Das Magazin "Cicero", in dem der Regisseur Oskar Roehler seine "Wutrede eines Enttäuschten" schreiben darf, in der er Merkel vorwirft, keine "Wurzeln in meinem Land" zu haben. Roehler verfilmt gerade ein Buch des Autors Thor Kunkel, der seinerseits inzwischen für die Werbekampagne der AfD verantwortlich ist.

Rüdiger Safranski, der freundliche Volkszornversteher, der gesagt hat: "Die Politik hat die Entscheidung getroffen, Deutschland zu fluten" - und damit die Menschen meinte, die vor dem Bürgerkrieg hierher geflüchtet sind. Safranski bekam neulich in der Frankfurter Paulskirche, mithin der Wiege der deutschen Demokratie, den Ludwig-Börne-Preis. Die Laudatio hielt Christian Berkel, ein in Berlin berühmter Schauspieler, der im Hause Springer wohlgelitten ist.

Beim Springer-Verlag wiederum - der jede Nähe zur AfD weit von sich weisen würde - ist der Publizist Henryk M. Broder beschäftigt, der mit seinem Blog "Achse des Guten" eine Spielwiese für Rechtsausleger eingerichtet hat. Zum Beispiel für Vera Lengsfeld, die mal für die CDU im Bundestag saß, nun aber gemeinsam mit Frauke Petry öffentlich auftritt.

Und so weiter und so weiter. Man muss das alles so kompliziert aufschreiben, um zu erklären, wie sich die rechten Kreise schließen. Denn die Petrys, Gaulands, Weidels, Höckes lassen ja nur die Masken fallen, hinter denen sich so mancher "ehrbare Bürger" noch verbirgt.

Aber die Aufsicht, als das Land nach rechts marschierte, hatte Angela Merkel. Die Verrohung des Bürgertums, die Prekarisierung der unteren Schichten, die Desillusionierung vieler Deutscher, was Gerechtigkeit der Verteilung und Gleichheit der Chancen angeht - das alles ereignete sich während Merkels Kanzlerschaft. Und all das steht an der Wiege der AfD.

Merkel ist die Mutter des Monsters. Sie verantwortet die wichtigste - und verheerendste - politische und gesellschaftliche Entwicklung der vergangenen 25 Jahre.

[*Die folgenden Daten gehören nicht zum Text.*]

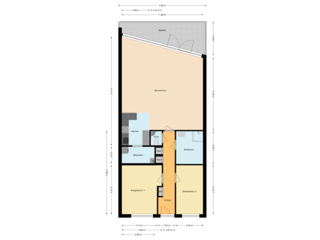 - 42 m² (6,92 meter diep en 6,00 meter breed)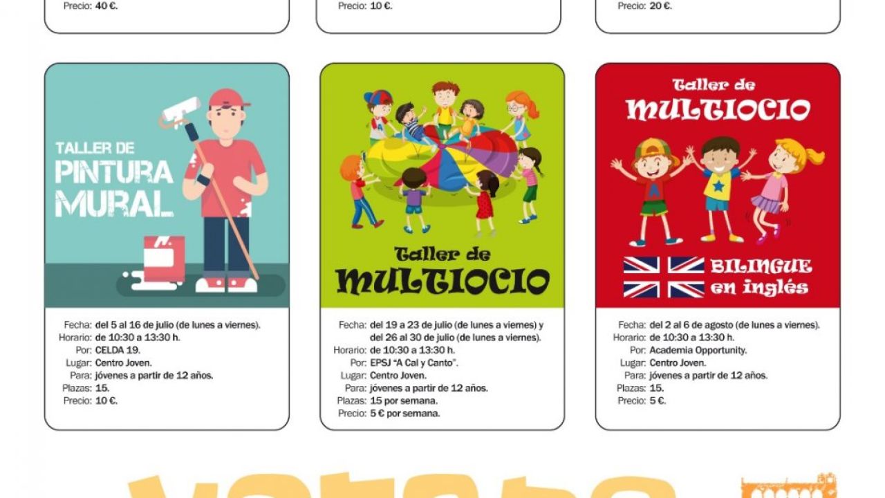 Por otro lado, se han programado talleres para jóvenes de entre 12 y 16 años como el de pintura mural a cargo del colectivo CELDA 19 y dos talleres de multiocio, uno de ellos bilingüe para fomentar el uso del inglés.

Dennoch wird Merkel am kommenden Sonntag aller Voraussicht nach nicht abgewählt werden. Für jeden, der Merkel die Quittung geben will, stellt diese Wahl darum ein Dilemma dar: Wen soll man wählen? Oder soll man gar nicht wählen? Denn egal ob SPD, Grüne, FDP - alle streben zu Merkel. Der Selbstzerstörungstrieb der Sozialdemokraten scheint nicht zu stoppen, die Grünen haben gelernt, locker vom linken Standbein aufs rechte Spielbein zu wechseln, und für die FDP ist der Neustart von null in die Regierung mehr als nur eine "dornige Chance".

Nur wer ganz links oder ganz rechts wählt, weiß, dass seine Stimme am Ende der Kanzlerin nicht zur unverdienten vierten Amtszeit hilft. Man kann es den Leuten nicht verübeln, wenn sie da zu Hause bleiben. Es ist nämlich kein Zeichen von politischer Reife, sich immer wieder fürs kleinere Übel zu entscheiden. Sondern von Resignation.